* RECORDED INFORMATION:
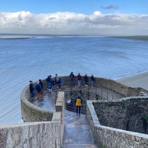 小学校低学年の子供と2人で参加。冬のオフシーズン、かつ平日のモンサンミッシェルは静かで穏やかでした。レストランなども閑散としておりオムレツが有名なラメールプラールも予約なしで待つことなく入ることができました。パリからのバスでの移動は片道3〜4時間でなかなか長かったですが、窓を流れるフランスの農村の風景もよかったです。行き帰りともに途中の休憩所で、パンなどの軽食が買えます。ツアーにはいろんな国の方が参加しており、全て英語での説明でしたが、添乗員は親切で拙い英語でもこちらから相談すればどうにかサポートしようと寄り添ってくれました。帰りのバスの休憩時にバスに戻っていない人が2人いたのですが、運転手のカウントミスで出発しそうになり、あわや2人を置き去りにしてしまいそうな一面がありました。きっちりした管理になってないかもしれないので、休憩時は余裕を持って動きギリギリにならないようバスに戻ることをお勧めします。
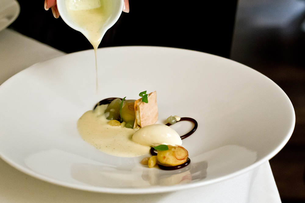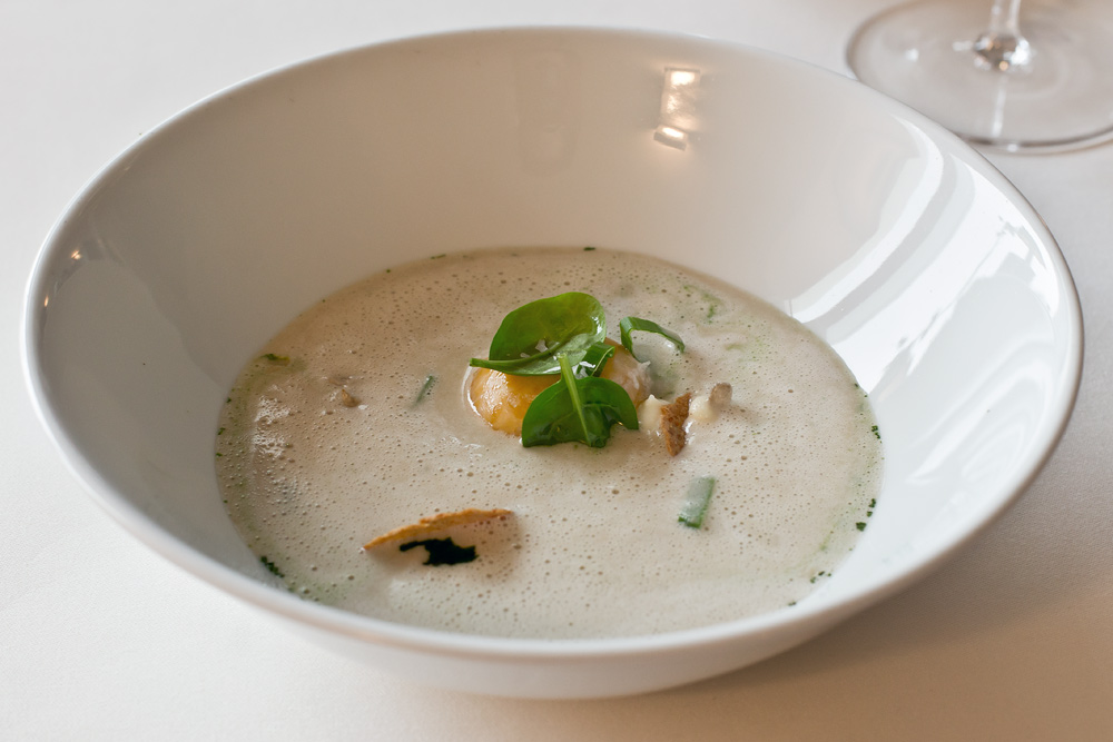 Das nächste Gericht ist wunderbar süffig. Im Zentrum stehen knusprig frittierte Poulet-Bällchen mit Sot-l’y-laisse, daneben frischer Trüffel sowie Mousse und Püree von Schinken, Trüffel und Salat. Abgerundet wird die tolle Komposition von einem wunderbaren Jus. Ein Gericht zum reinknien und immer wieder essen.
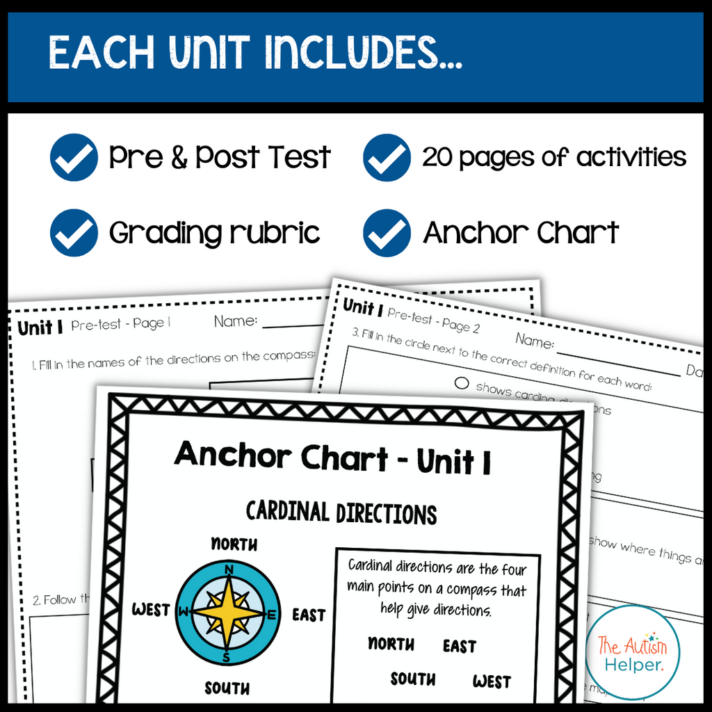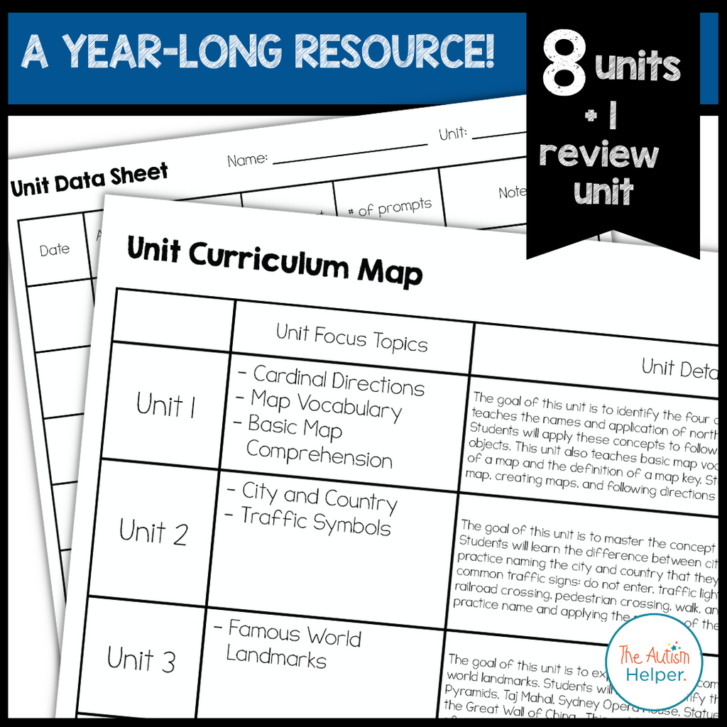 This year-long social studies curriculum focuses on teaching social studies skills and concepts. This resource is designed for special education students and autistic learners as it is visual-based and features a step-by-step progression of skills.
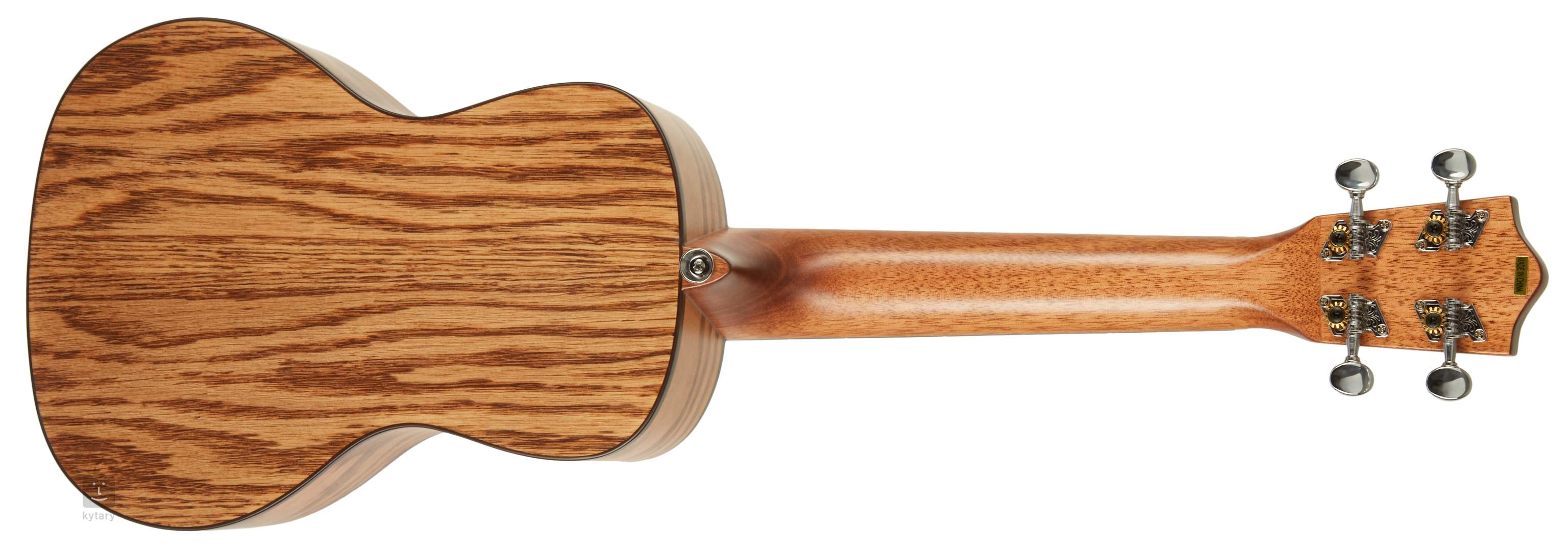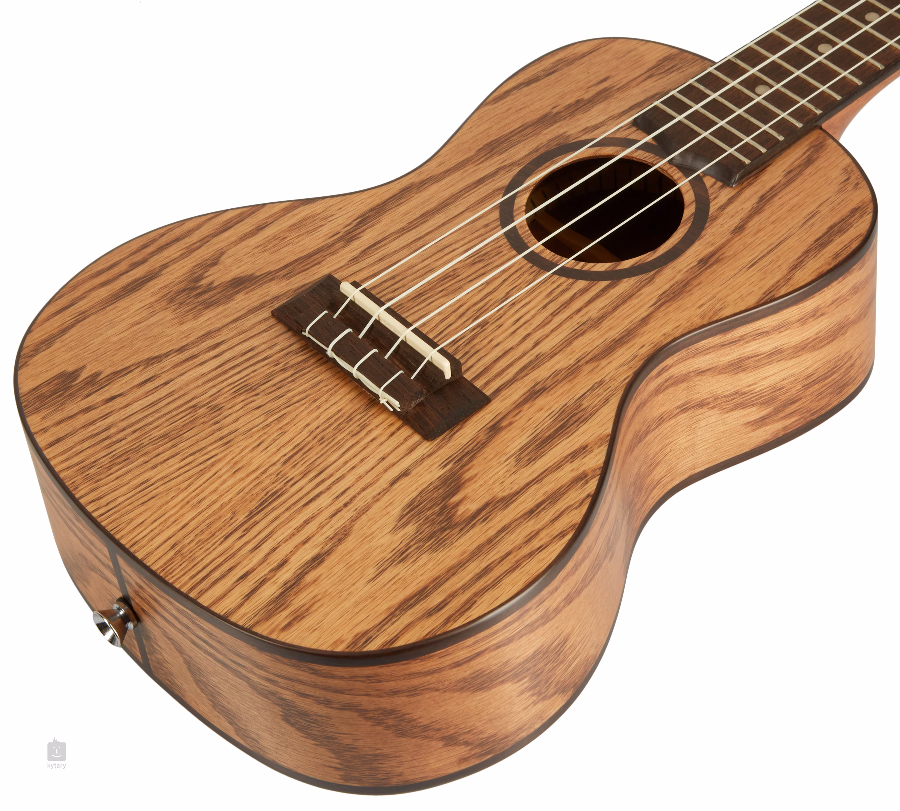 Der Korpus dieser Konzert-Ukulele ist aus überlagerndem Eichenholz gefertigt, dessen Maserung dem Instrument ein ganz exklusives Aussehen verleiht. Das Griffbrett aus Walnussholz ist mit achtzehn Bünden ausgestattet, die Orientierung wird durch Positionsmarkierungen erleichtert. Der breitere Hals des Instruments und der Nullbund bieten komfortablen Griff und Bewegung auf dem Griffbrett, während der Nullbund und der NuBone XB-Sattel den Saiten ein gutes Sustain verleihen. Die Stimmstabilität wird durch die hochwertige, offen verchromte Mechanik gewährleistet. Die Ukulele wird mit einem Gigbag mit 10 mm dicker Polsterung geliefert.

* WHAT YOU WILL DO: Each line of the data above is to be output exactly; the pictures are not to appear.

* RESULT FOR THIS TASK:
 小学校低学年の子供と2人で参加。冬のオフシーズン、かつ平日のモンサンミッシェルは静かで穏やかでした。レストランなども閑散としておりオムレツが有名なラメールプラールも予約なしで待つことなく入ることができました。パリからのバスでの移動は片道3〜4時間でなかなか長かったですが、窓を流れるフランスの農村の風景もよかったです。行き帰りともに途中の休憩所で、パンなどの軽食が買えます。ツアーにはいろんな国の方が参加しており、全て英語での説明でしたが、添乗員は親切で拙い英語でもこちらから相談すればどうにかサポートしようと寄り添ってくれました。帰りのバスの休憩時にバスに戻っていない人が2人いたのですが、運転手のカウントミスで出発しそうになり、あわや2人を置き去りにしてしまいそうな一面がありました。きっちりした管理になってないかもしれないので、休憩時は余裕を持って動きギリギリにならないようバスに戻ることをお勧めします。
 Das nächste Gericht ist wunderbar süffig. Im Zentrum stehen knusprig frittierte Poulet-Bällchen mit Sot-l’y-laisse, daneben frischer Trüffel sowie Mousse und Püree von Schinken, Trüffel und Salat. Abgerundet wird die tolle Komposition von einem wunderbaren Jus. Ein Gericht zum reinknien und immer wieder essen.
 This year-long social studies curriculum focuses on teaching social studies skills and concepts. This resource is designed for special education students and autistic learners as it is visual-based and features a step-by-step progression of skills.
 Der Korpus dieser Konzert-Ukulele ist aus überlagerndem Eichenholz gefertigt, dessen Maserung dem Instrument ein ganz exklusives Aussehen verleiht. Das Griffbrett aus Walnussholz ist mit achtzehn Bünden ausgestattet, die Orientierung wird durch Positionsmarkierungen erleichtert. Der breitere Hals des Instruments und der Nullbund bieten komfortablen Griff und Bewegung auf dem Griffbrett, während der Nullbund und der NuBone XB-Sattel den Saiten ein gutes Sustain verleihen. Die Stimmstabilität wird durch die hochwertige, offen verchromte Mechanik gewährleistet. Die Ukulele wird mit einem Gigbag mit 10 mm dicker Polsterung geliefert.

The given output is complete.